Висящая над столом прямоугольная люстра, кажется, не горит, а догорает. Даже самовар - признак уютного быта, домашнего тепла - здесь стоит на крахмаленой скатерти одиноко и неприкаянно, не как принадлежность чаепития, а потому что просто забыт от какой-то другой, ушедшей отсюда навсегда жизни. Да и сама белая скатерть с ломкими хрупкими складками, на которой согнувшиеся, сгорбившиеся, скрючившиеся, словно бесплотные, люди-тени, люди-призраки в мятых костюмах играют в свое унылое лото, вызывает ассоциации совсем не бытового плана - с погребальной ритуальностью. Здесь же, в правой части, на фоне высокого оголенного окна и проступающей за ним серой мглистости столь же безжизненного пространства, находится и черный письменный стол, за которым стреляется Треплев, падая головой на свои рукописи.

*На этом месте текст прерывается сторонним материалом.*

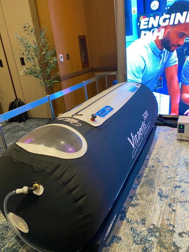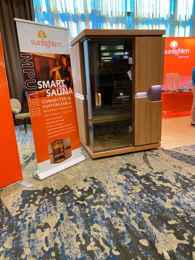 It was enormous, and included vendors for nutrition supplements, food, blue light glasses, skin care, Danger coffeee, saunas, Air Doctors, pillows, beddings, PEMF, lymphatic drainage, meditation, cold plunges, cryotherapy, books, wellness tests, IVs, fitness equipment, so.many.things. Stay tuned for my favorite things I tried in the tech hall, but here’s a sneak peek!
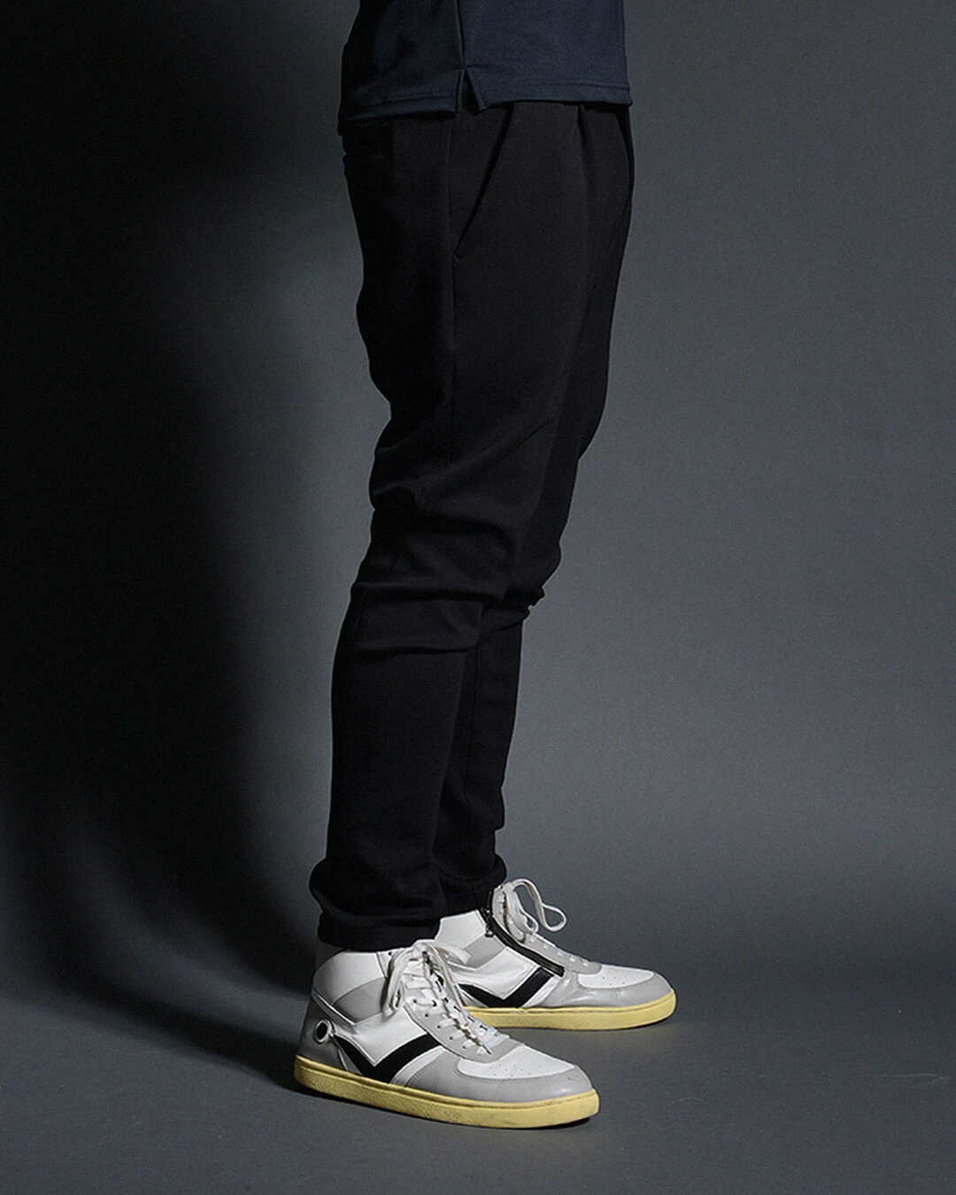 腰周りに入れたダーツで、ヒップを立体的にややゆとりを持たせながら、わたりから裾にかけスキニーシルエットでデザインされています。

По замыслу Бархина, идея резко контрастного противопоставления двух видов сценической среды должна была быть поддержана всем строем спектакля. И его пластикой: в первой части она, как уже упоминалось, должна была быть «плывущей», во второй - статичной, скрюченной, сгорбленной. И звуковой партитурой: в первой части - только естественные голоса природы (пение птиц, кваканье лягушек и т.д.), во второй - черно-белая «графика» фортепьянной музыки, сочиненной композитором В. Ганелиным. Рекомендуем
быстрые кредиты для вас.
Идейно-художественный смысл такого резко контрастного противопоставления заключался в раскрытии заложенного в самой пьесе столкновения: с одной стороны, лирических и поэтических мотивов первых двух актов и, с другой, драматизма последних актов, все более сгущающегося к финалу и завершающегося трагедийным аккордом треплевского выстрела.
Одновременно с Бархиным над «Чайкой» работал и В. Я. Левенталь - во МХАТе, с режиссером О. Н. Ефремовым. В этой работе также проявилась общая тяга художников к объективности в трактовке сценической среды чеховского спектакля, которая столь характерна для поисков советской сценографии второй половины 70-х годов.